--- DATA ---
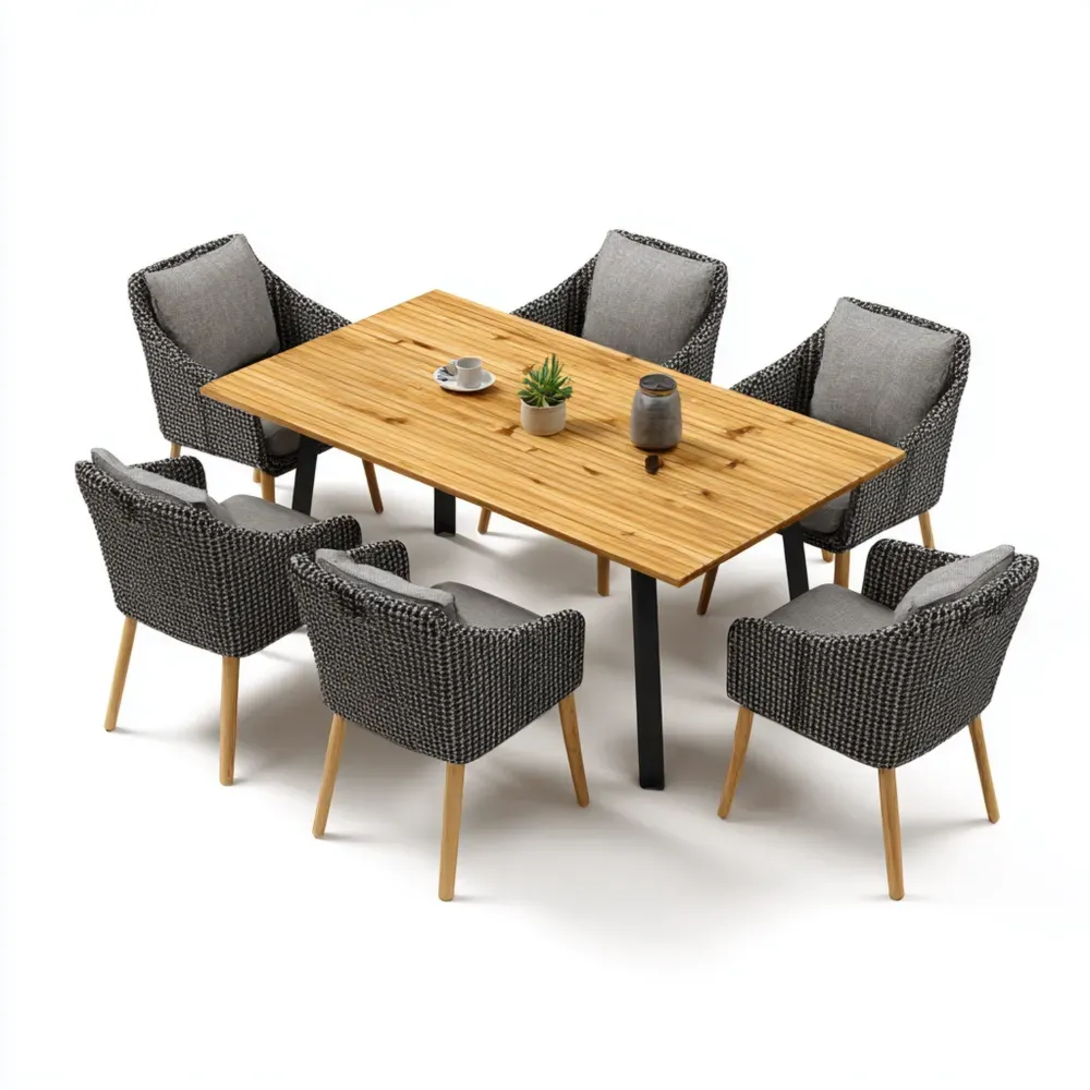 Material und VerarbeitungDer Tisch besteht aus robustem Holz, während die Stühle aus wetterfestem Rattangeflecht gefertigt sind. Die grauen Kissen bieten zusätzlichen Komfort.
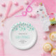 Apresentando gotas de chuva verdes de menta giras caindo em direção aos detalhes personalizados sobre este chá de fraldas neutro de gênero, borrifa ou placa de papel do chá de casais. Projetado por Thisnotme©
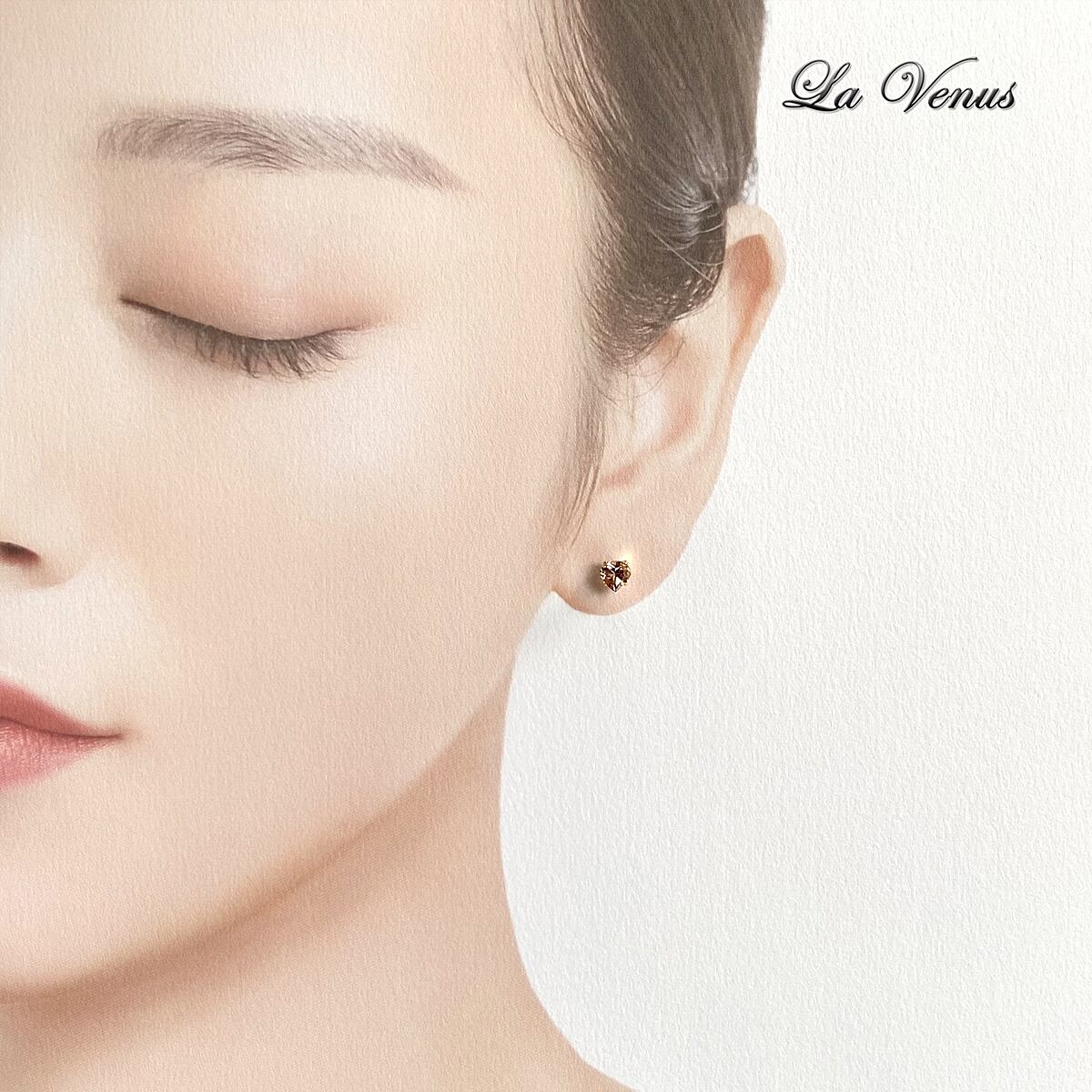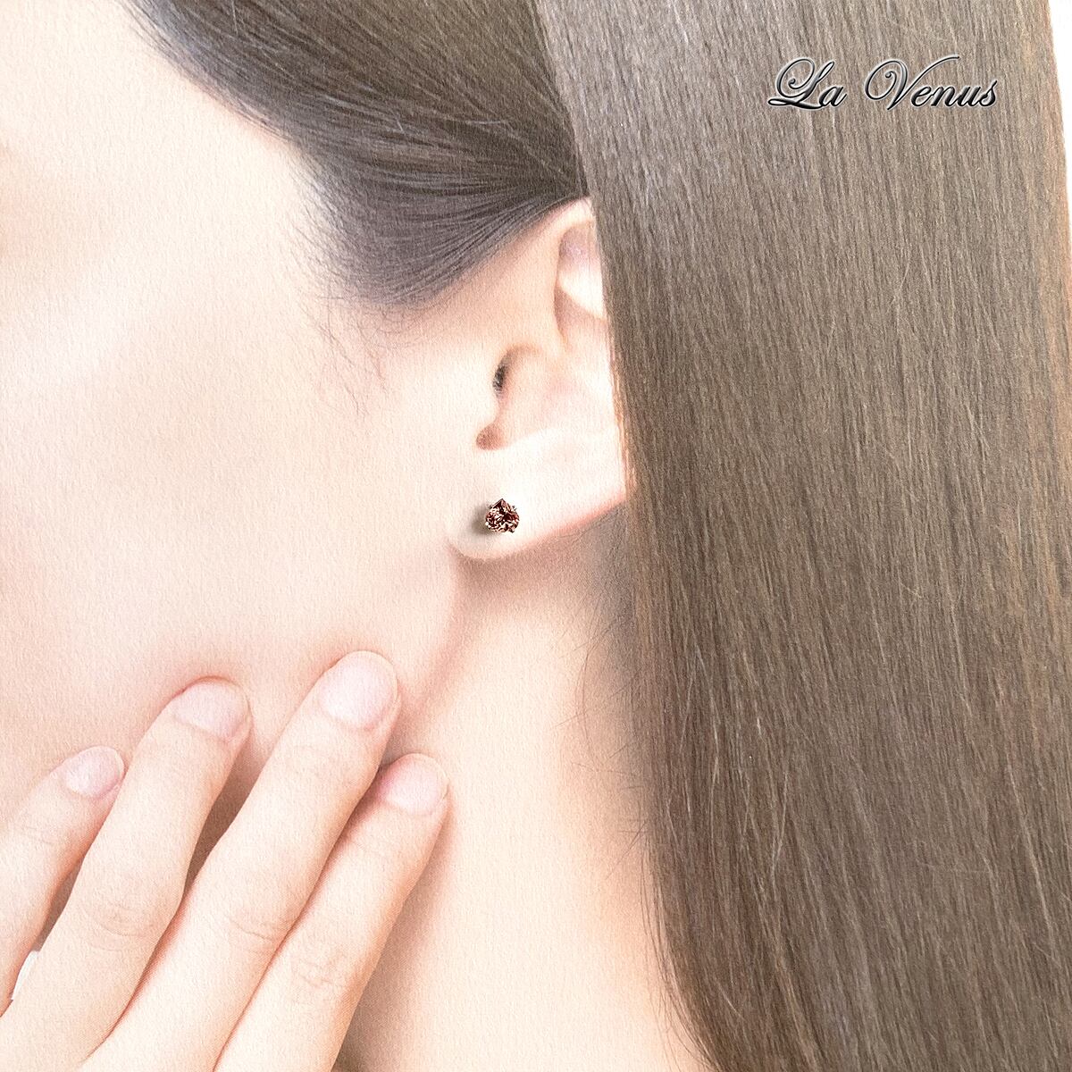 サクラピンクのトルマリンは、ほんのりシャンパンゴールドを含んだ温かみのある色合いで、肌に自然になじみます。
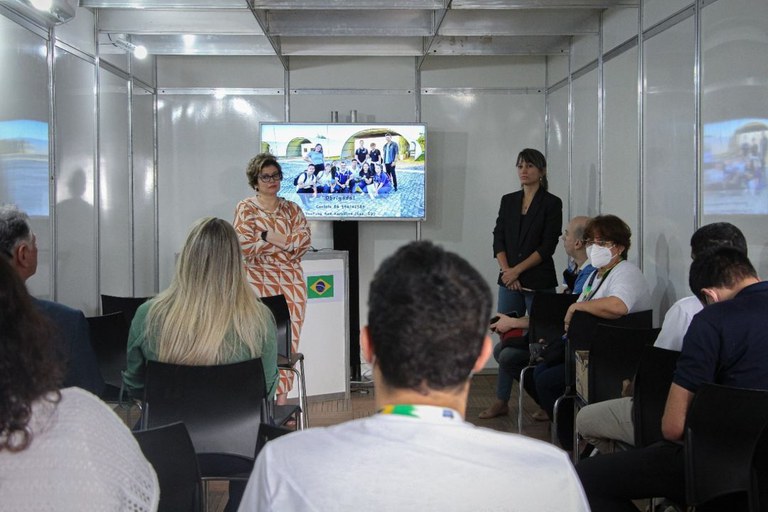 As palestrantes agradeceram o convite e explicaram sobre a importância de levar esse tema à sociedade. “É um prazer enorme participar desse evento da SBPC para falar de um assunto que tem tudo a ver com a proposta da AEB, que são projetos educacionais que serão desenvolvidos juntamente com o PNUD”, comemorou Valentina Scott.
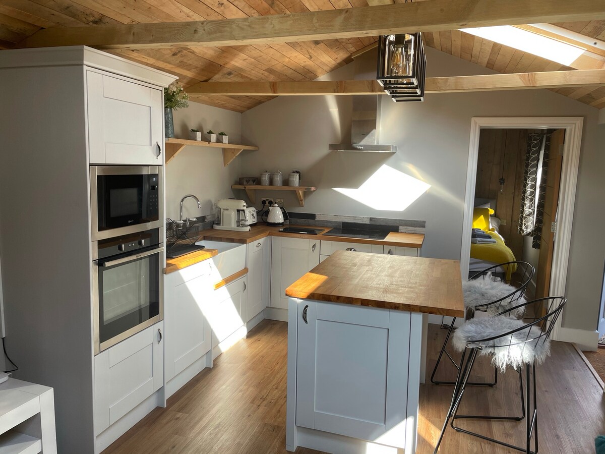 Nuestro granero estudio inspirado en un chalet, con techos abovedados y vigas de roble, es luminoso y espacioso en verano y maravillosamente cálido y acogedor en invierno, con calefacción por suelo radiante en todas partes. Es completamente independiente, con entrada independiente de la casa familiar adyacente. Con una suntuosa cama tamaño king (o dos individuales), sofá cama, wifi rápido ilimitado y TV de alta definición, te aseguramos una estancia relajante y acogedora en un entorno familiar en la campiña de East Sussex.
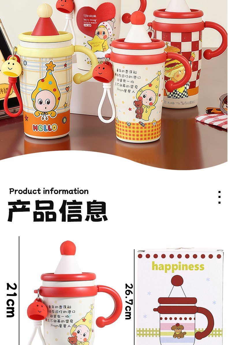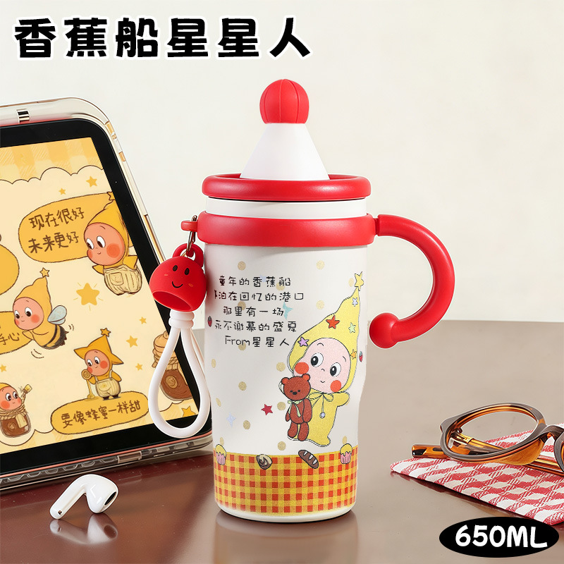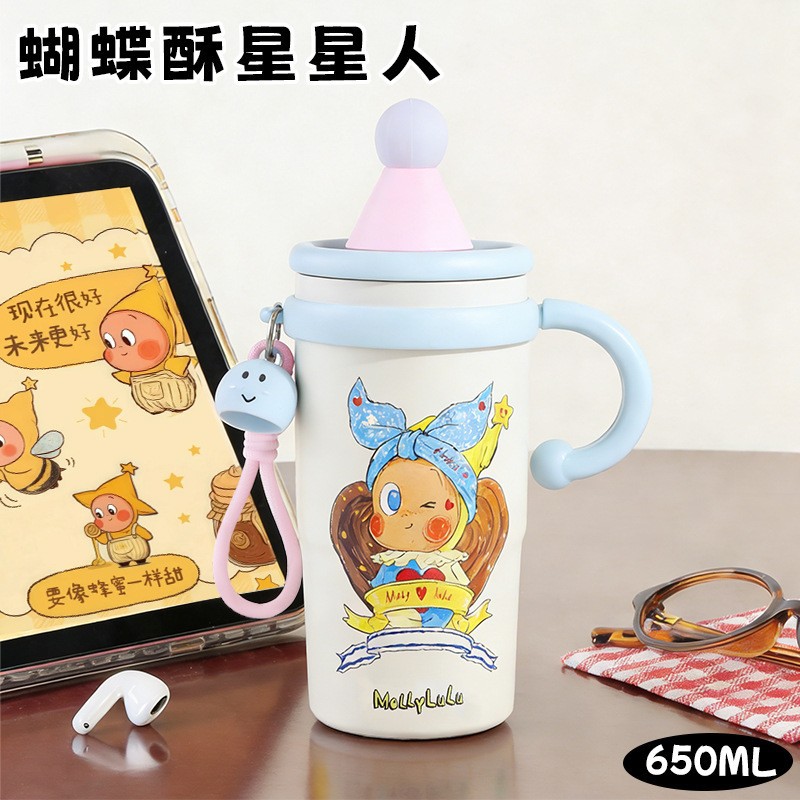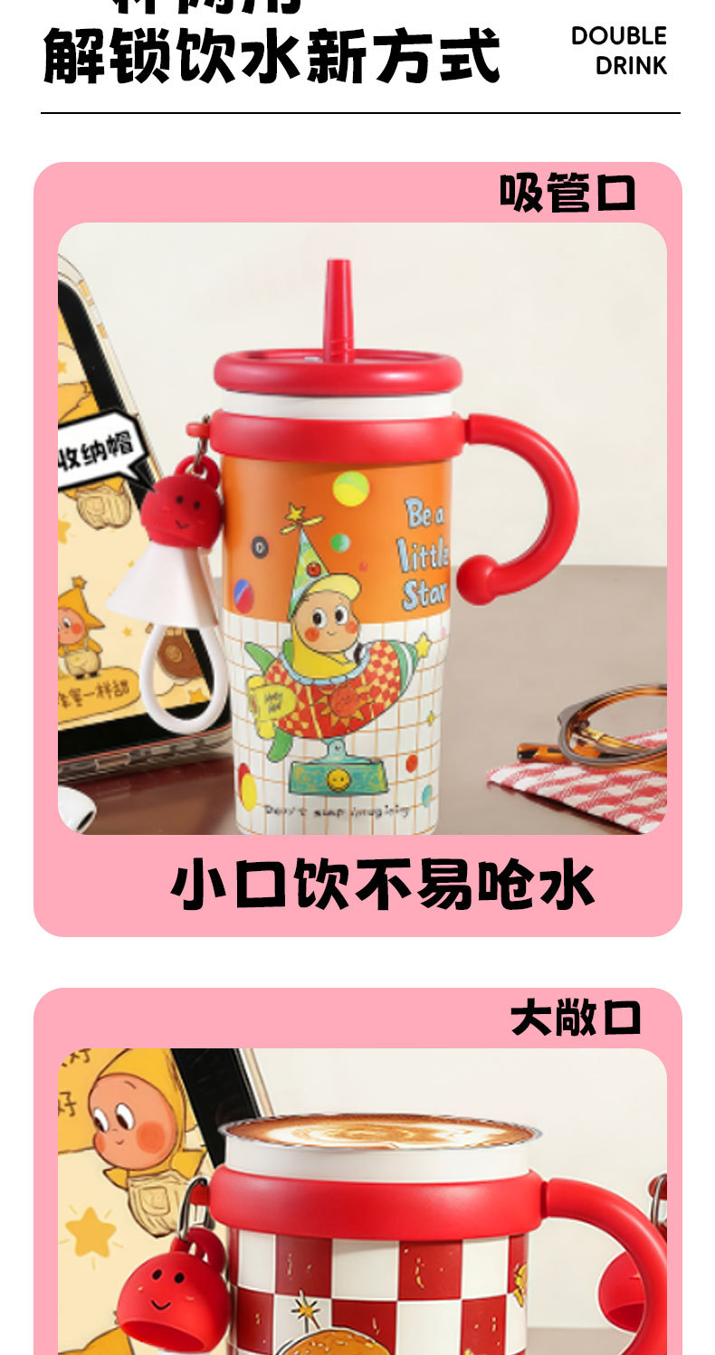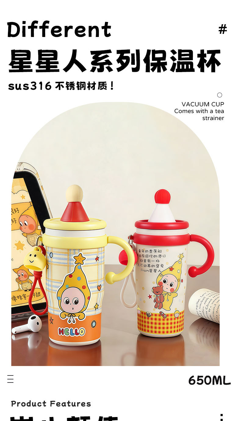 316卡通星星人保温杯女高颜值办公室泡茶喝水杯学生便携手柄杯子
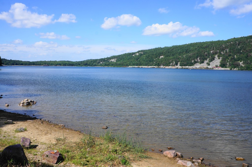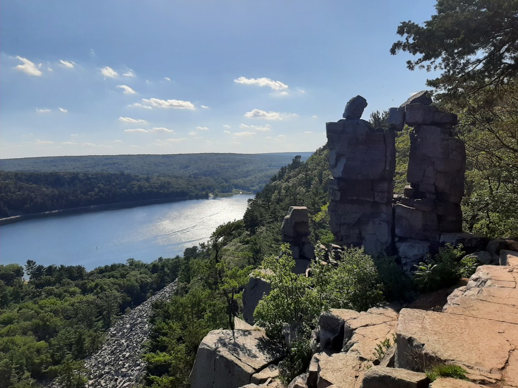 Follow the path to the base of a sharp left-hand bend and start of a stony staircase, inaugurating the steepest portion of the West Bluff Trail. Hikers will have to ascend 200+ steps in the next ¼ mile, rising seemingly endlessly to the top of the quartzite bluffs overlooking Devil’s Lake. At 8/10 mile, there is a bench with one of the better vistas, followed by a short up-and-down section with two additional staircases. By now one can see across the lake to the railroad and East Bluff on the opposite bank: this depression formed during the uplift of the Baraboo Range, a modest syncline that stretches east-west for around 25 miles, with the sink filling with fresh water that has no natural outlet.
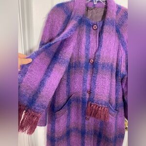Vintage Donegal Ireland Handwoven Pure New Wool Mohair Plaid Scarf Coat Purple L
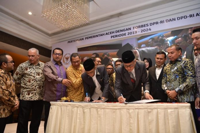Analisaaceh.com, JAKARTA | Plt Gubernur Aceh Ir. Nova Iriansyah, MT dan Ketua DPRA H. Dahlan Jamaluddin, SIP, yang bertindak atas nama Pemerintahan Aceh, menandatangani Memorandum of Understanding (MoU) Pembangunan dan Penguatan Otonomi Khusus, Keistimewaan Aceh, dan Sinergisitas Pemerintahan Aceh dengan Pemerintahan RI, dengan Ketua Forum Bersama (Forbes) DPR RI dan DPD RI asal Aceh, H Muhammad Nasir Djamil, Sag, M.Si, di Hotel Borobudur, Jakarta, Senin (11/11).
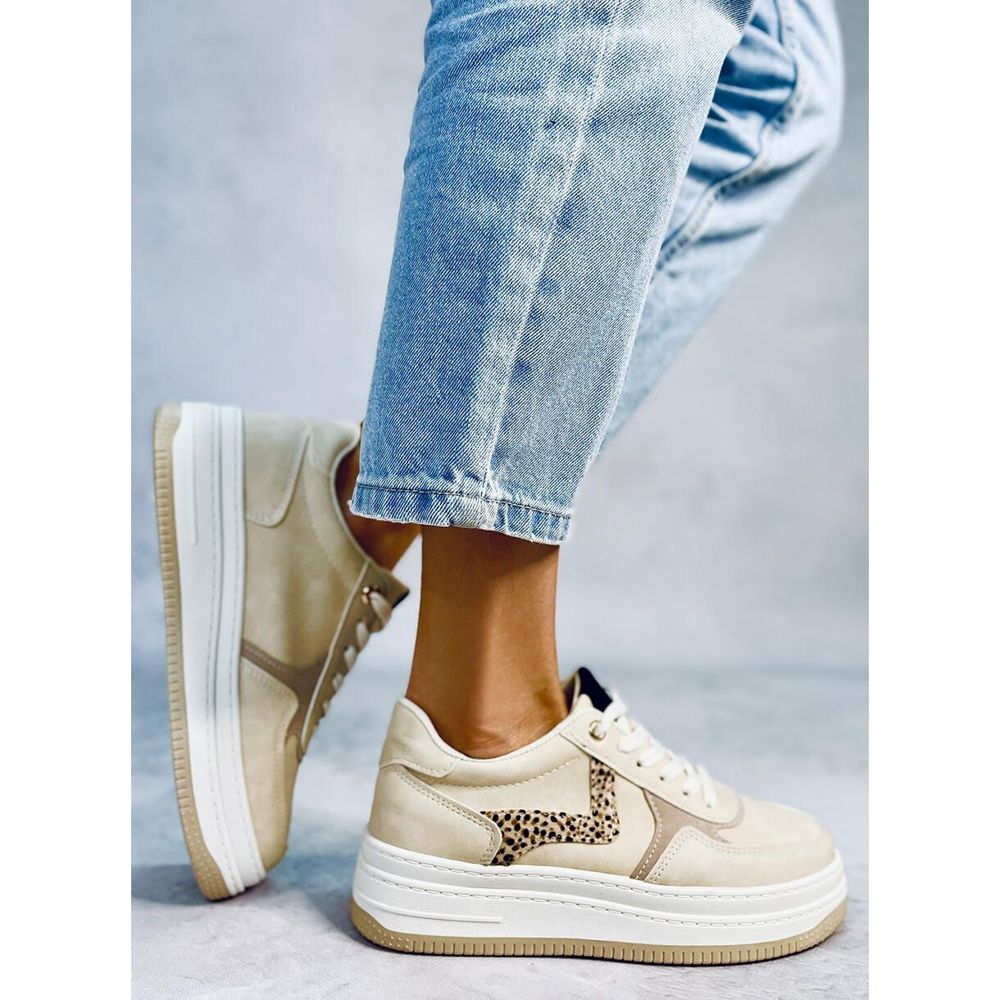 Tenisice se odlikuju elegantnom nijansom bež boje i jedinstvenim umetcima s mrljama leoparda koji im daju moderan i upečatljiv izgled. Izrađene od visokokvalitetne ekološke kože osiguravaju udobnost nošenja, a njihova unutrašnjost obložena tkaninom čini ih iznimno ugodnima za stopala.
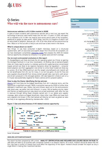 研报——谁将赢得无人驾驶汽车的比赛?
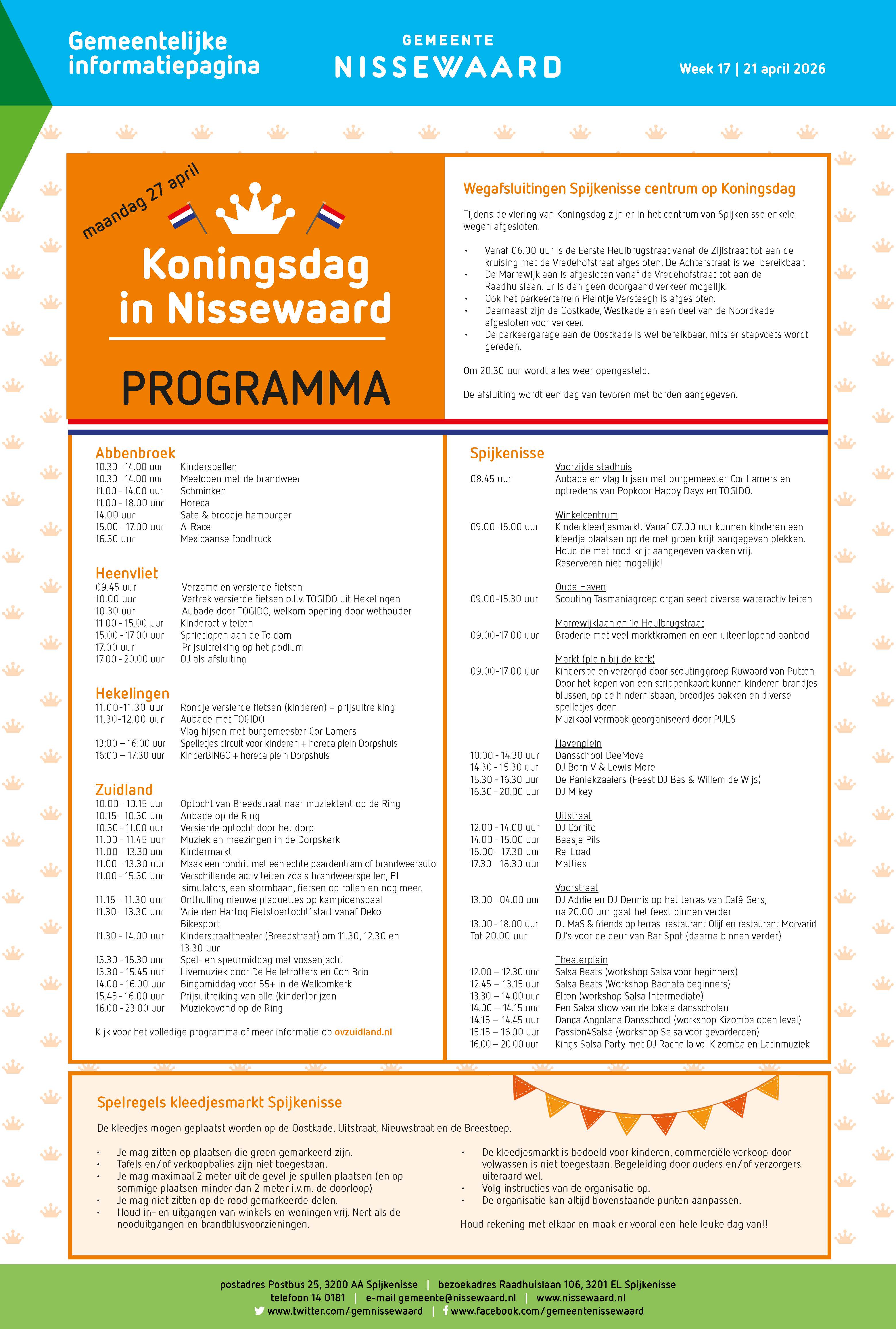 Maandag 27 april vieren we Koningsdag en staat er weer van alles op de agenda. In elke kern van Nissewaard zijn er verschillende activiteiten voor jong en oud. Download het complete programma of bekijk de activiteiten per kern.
---
TASK: Starting at the first line of the material, output exactly the lines up to and including the one with "As palestrantes agradeceram". Do not include the pictures.

YOUR RESPONSE:
 Material und VerarbeitungDer Tisch besteht aus robustem Holz, während die Stühle aus wetterfestem Rattangeflecht gefertigt sind. Die grauen Kissen bieten zusätzlichen Komfort.
 Apresentando gotas de chuva verdes de menta giras caindo em direção aos detalhes personalizados sobre este chá de fraldas neutro de gênero, borrifa ou placa de papel do chá de casais. Projetado por Thisnotme©
 サクラピンクのトルマリンは、ほんのりシャンパンゴールドを含んだ温かみのある色合いで、肌に自然になじみます。
 As palestrantes agradeceram o convite e explicaram sobre a importância de levar esse tema à sociedade. “É um prazer enorme participar desse evento da SBPC para falar de um assunto que tem tudo a ver com a proposta da AEB, que são projetos educacionais que serão desenvolvidos juntamente com o PNUD”, comemorou Valentina Scott.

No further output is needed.